Report on the Peter Heaney “VizFest”

RPI—15-16 July 2019—R. M. Hazen

Standing L-R: Shweta Nakar, Fang Huang, Anirudh Prabhu, Bob Hazen, Peter Heaney, Ahmed Eleish Sitting L-R: Kathy Fontaine, Katherine Chastain, Hao Zhong, Brenda Thompson Missing: Peter Fox, Dan Hummer (via videolink) — Standing L-R: Shweta Nakar, Fang Huang, Anirudh Prabhu, Bob Hazen, Peter Heaney, Ahmed EleishazenHazen
Sitting L-R: Kathy Fontaine, Katherine Chastain, Hao Zhong, Brenda Thompson
Missing: Peter Fox, Dan Hummer (via videolink)

We had a terrific 2-day meeting at RPI with Peter Heaney of Penn State, Dan Hummer of Southern Illinois University (via videolink), Bob Hazen of Carnegie, and Peter Fox’s data science team.
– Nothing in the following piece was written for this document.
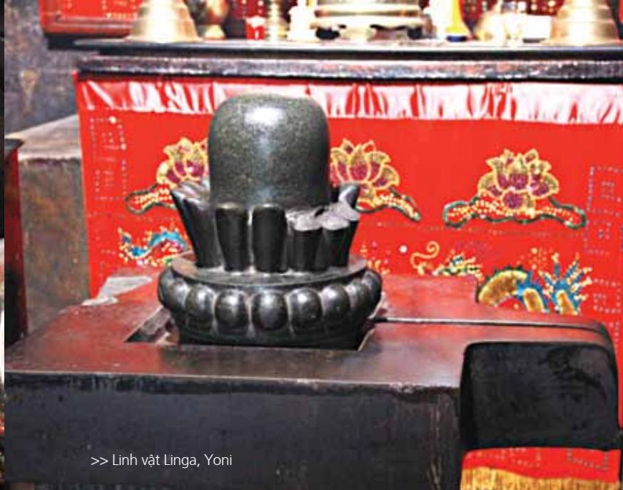
>> Linh vật Linga, Yoni

Peter Fox and I met Sunday evening July 14 and the entire group convened on Monday morning at Winslow. Peter Heaney’s ambitious objective was to “visualize all of mineralogy”—here meaning the 5400+ IMA-approved mineral species and some of their attributes, as organized in the “Dana classification” of minerals. Our efforts focused on a variety of challenges and opportunities associated with mineral classification, mineral databases, and visualization methods.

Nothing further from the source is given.